These LLMs are generally brilliant at things like coding and content creation. However, their performance can really drop off a cliff when the training data is sparse, biased, unstructured, or proprietary. That's when you get incorrect and overly confident outputs, especially when the real-world operational data isn't publicly available. This is a common issue that contributes to what some call 'AI slop', where poor quality data leads to poor quality outputs.
#### Remembering Things: Context Engineering and Memory Systems
Here's a crucial point: LLMs don't have a native memory. Every single request you make to them starts fresh, with no recollection of previous chats. Context is an engineering layer you add on top, it's not inherent to the model itself. This is absolutely vital for designing good human-in-the-loop systems and user experiences.
This involves:
- Conversation history: Keeping track of what's been said before.

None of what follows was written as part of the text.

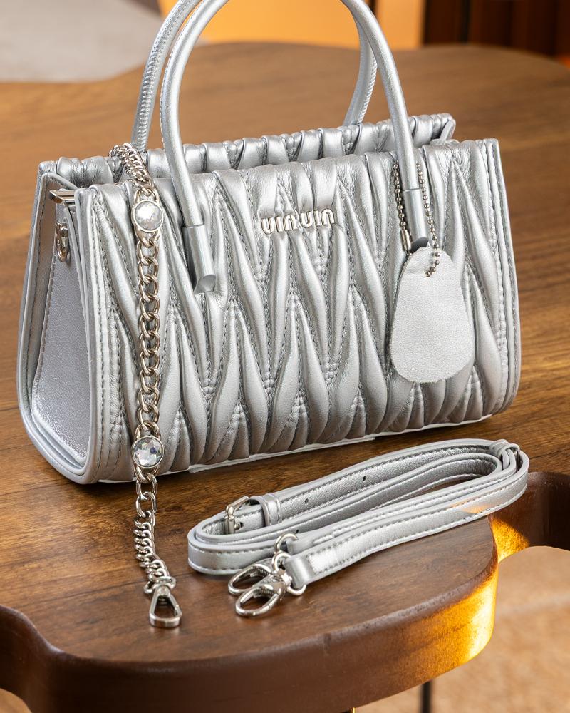 تألقي بإطلالة فاخرة مع شنطة فضي صغيرة تجمع بين الأناقة والعملية. تتميز هذه الشنطة بتصميم عصري يجذب الأنظار، حيث تأتي بلون فضي لامع يضفي لمسة من الرقي على أي إطلالة. القوام المحبب والملمس الناعم يجعلها مريحة في الاستخدام، بينما تضيف التفاصيل المميزة بُعدًا بصريًا رائعًا.

- Long-term memory: Storing information over extended periods.
- RAG (Retrieval-Augmented Generation): A clever technique where the AI pulls relevant information from a knowledge base before generating a response.
- Knowledge graphs: Structured networks of information that help the AI understand relationships.
- Document ingestion: Getting data into the system from various documents.
- Summaries, compression, and distillation pipelines: Methods to condense and refine information.
- Fine-grained context injection: Precisely feeding the AI the exact information it needs.
- Domain knowledge bases: Specialised libraries of information for a particular field.
- Structured memory orchestration: Organising and managing how the AI accesses and uses its memory.
It's fascinating just how much memory systems can influence an agent's behaviour. You could have two agents using the exact same LLM and workflow, but if they have different memory stacks, they'll act like completely different entities. This is a key reason why understanding the hidden limits of consumer AI chatbots is so important.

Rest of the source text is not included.